Anyhow, the sun is back now and I'm happier in general and I'm just as content to equate taking a walk while eating a cookie with a trip to the gym as my daily exercise. They are both movement-based activities that make me feel good. Or yoga, or riding my bike, or doing a couple situps and then watching Curb your Enthusiasm for four hours. Blah blah blah, activities and health bullshit, you get the idea. Do what makes you feel good. I'm drinking more (a good thing?!?!?!?), eating more, moving at a more reasonable pace, and feeling a whole lot better. Plus my ass is looking a little less concave. Sexxxy.
So this guy: and I'm not going to begrudge him his intentions; I assume he's motivated to some degree by an investment in community wellness as most employees at the center are (I guess). And really he got off to a bad start by actually telling me about his day when I asked how he was doing ("I didn't ask for your life story, nosehair" -Karen Walker). BUT here's the story:
Short-ish, bald-ish, guy; probably younger than he looks but he still looks kind of old. Mid/late thirties maybe, skinny but "in good shape" or whatever the fuck. As I'm leaving, he asks "so how'd it go?" (how'd what go?? My "workout" I guess?)
"Oh, good, yeah."
"Yeah? So are you like, training for something?"
"Uhhhh nope. I mean I guess I'd like to do a 5k this summer or something but I don't know."

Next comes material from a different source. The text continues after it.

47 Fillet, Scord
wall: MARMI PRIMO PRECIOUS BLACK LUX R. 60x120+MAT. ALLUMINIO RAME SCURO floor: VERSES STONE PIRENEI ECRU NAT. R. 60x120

"Oh yeah? Well I'm a runner so if you want any help or tips come ask me! You know it's all about building on your strength and adding difficulty and challenging yourself."
"Yeah okay thanks."
Now that I've typed out the transcript it doesn't seem like that big of a deal, but here were my takeaways:
- When I exercise, I should have a goal in mind. Because otherwise what's the point
- I don't know what I'm doing when I exercise; I need assistance
You know now that I think of it there's also that time the old guy asked if I want to UW because of the shorts I was wearing; I said no and then started to say something else but he cut me off and goes "OH NOT THAT I WAS STARING AT YOUR BUTT OR ANYTHING HAHAHAHAHAH" and walks away. That was magic.